> [What needs to be done]: Give back, word for word, only the lines from the opening of the records through the one with "圖為吉林市總工會副主席劉紅衛". Pictures stay out.

[Data extracts Boundary: Start]

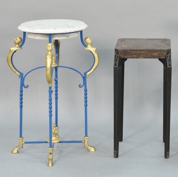 Two piece lot including marble top Neoclassical plant stand and diminutive deco style metal table.
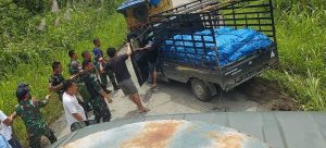Aksi Heroik Anggota TNI di Papua, Satgas Yonif 126/KC Evakuasi Kendaraan Yang Hampir Jatuh Ke Jurang
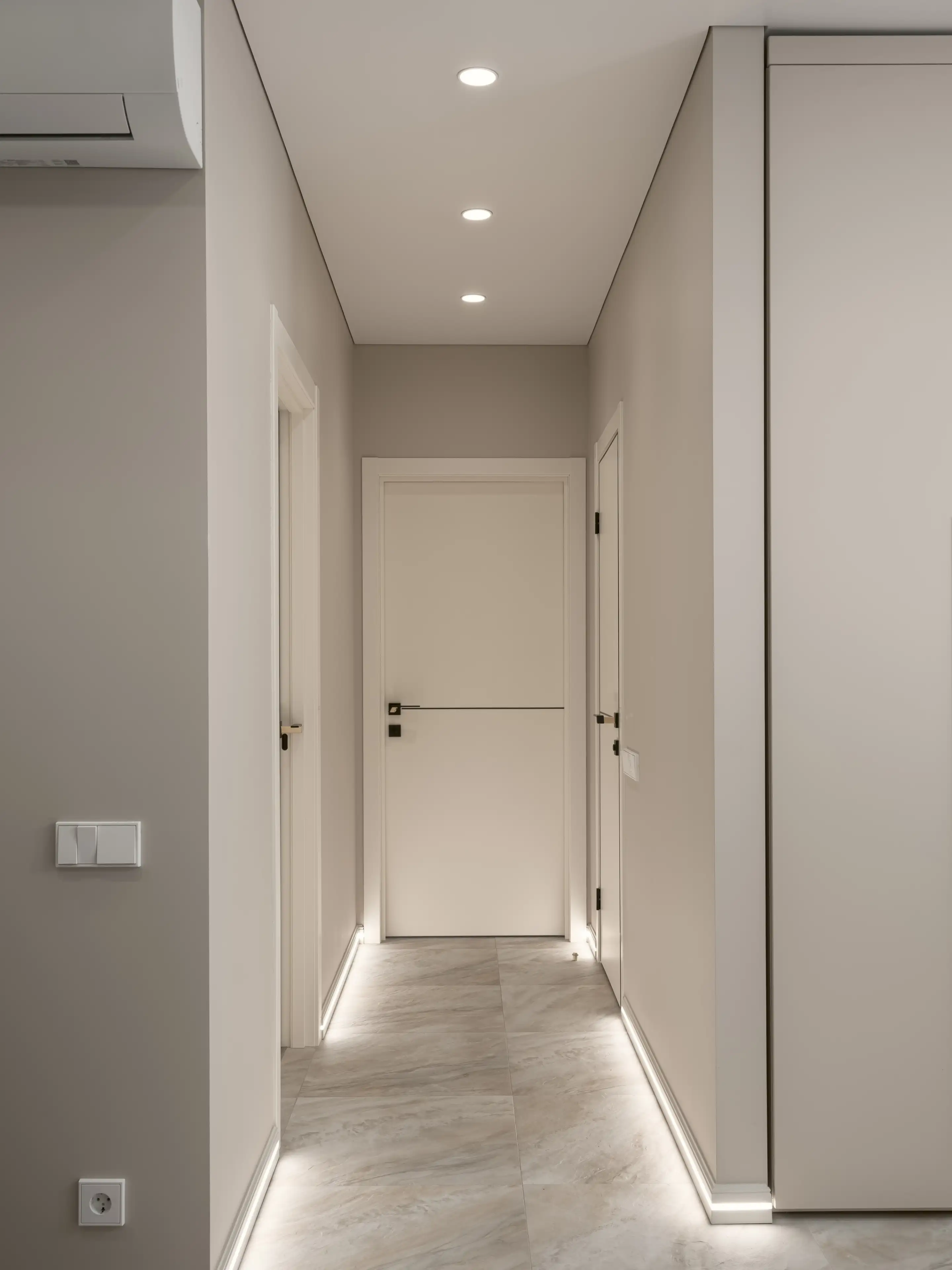 Мягкое потолочное освещение и подсветка плинтуса уже при входе создают ощущение уюта и умиротворения.
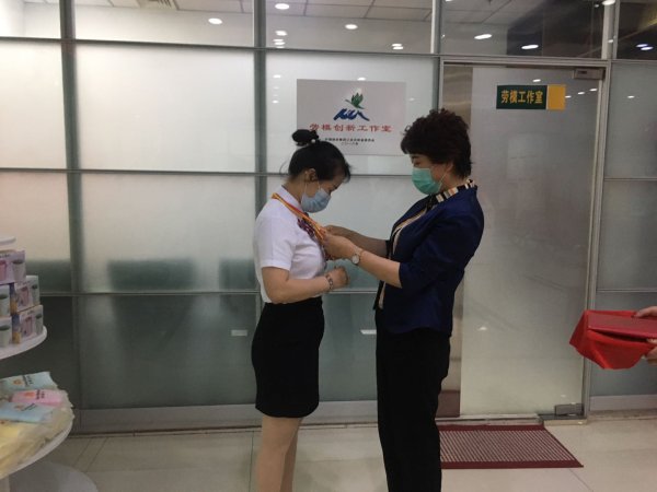圖為吉林市總工會副主席劉紅衛(wèi)親自為梁春慧佩戴上勞動獎(jiǎng)?wù)?/p>
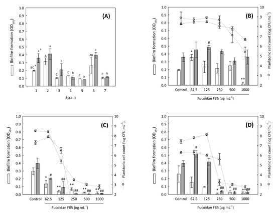Biofilm formation of several dental plaque bacteria in brain heart infusion (BHI) broth for 48 h and the antibiofilm activities of fucoidan F85 against the selected dental plaque bacteria. (A) biofilm formation of several dental plaque bacteria; (B) E. faecalis KCTC 5289; (C) S. mutans KCTC 5458; (D) S. sobrinus KCTC 5809. □, biofilm formation (24 h); ■, biofilm formation (48 h); ○, planktonic cell count (24 h); ▲, planktonic cell count (48 h). 1, E. faecalis KCTC 5289; 2, S. mutans KCTC 5458; 3, S. mutans KCCM 40105; 4, S. oralis KCCM 41567; 5, S. sanguinis KCTC 5643; 6, S. sobrinus KCTC5809; 7, S. sobrinus KCCM 11898. Data expressed as the mean ± SD in triplicate. The initial cell concentration was ca. 5 log CFU mL−1. † The different capital letters indicate significantly different values in 24 h (p < 0.05, ANOVA). ‡ The different small letters indicate significantly different values in 48 h (p < 0.05, ANOVA). * p < 0.05 versus growth control in 24 h (independent t-test), ** p < 0.01 versus growth control in 24 h (independent t-test), # p < 0.05 versus growth control in 48 h (independent t-test), and ## p < 0.01 versus growth control in 48 h (independent t-test).
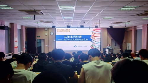 王新艳以“从笨重到轻薄 —— 电子产品发展的奇妙之旅”为主题,采用“问卷+讲授+互动”形式开展讲座。讲座前,通过学情调研掌握学生知识储备与兴趣点,采用“双问卷”方式,优化讲座内容,涵盖电子产品分类体系、智能制造流程、静电防护技术等专业领域。讲座中,王新艳结合教育部最新公布的29个战略性新兴本科专业,深入解读国家科技发展战略对人才需求的影响。她结合丰富的案例,展现了从早期占据整间机房的大型计算机到现代可折叠智能设备的技术创新推动产品形态迭代,深刻改变人类生活方式的发展历程。此外,她还展示了往届学生的技能大赛参赛作品。讲座现场学习氛围浓厚,学生全程专注聆听,互动环节踊跃提问,充分展现信息学子对科技前沿的探索热情。讲座结束后,开展了讲座效果意见征集,为后续系列讲座质量的提升提供了依据。
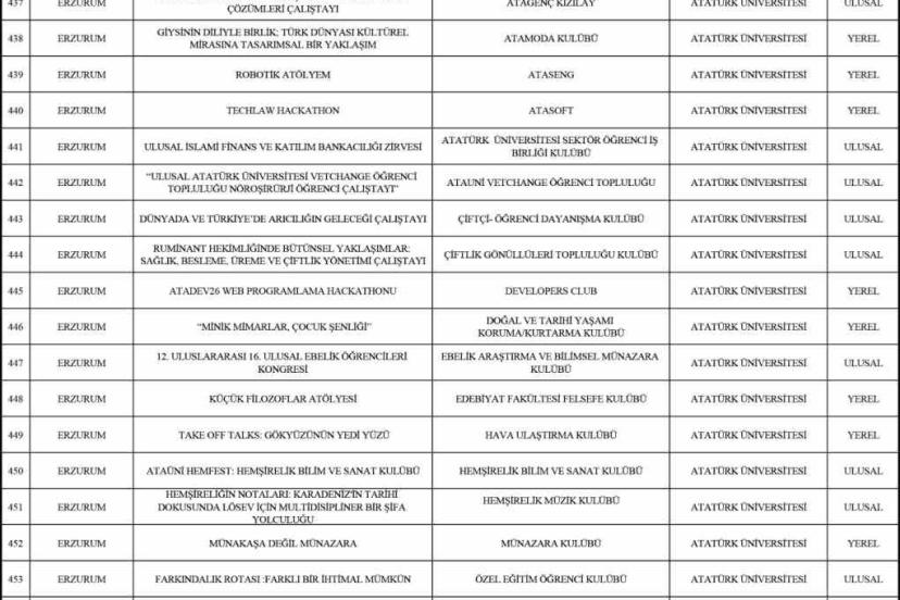 Açıklanan sonuçlara göre Atatürk Üniversitesi, farklı disiplinlerde hazırlanan 27 öğrenci projesinin kabul edilmesiyle Türkiye genelinde en fazla projesi desteklenen üniversiteler arasında 5. sırada yer aldı. Üniversite bünyesinde faaliyet gösteren öğrenci topluluklarının hazırladığı projeler; kültür, sanat, teknoloji, sağlık, sosyal sorumluluk ve bilimsel etkinlikler gibi çok çeşitli alanları kapsayarak dikkat çekti.
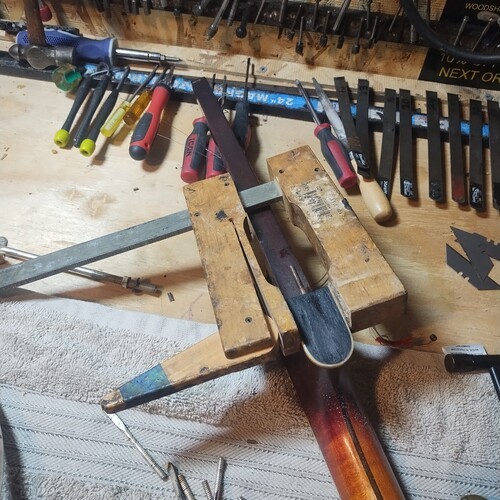Heel glued and clamped.

[Data extracts Boundary: End]

> [Your response]:
 Two piece lot including marble top Neoclassical plant stand and diminutive deco style metal table.
Aksi Heroik Anggota TNI di Papua, Satgas Yonif 126/KC Evakuasi Kendaraan Yang Hampir Jatuh Ke Jurang
 Мягкое потолочное освещение и подсветка плинтуса уже при входе создают ощущение уюта и умиротворения.
圖為吉林市總工會副主席劉紅衛(wèi)親自為梁春慧佩戴上勞動獎(jiǎng)?wù)?/p>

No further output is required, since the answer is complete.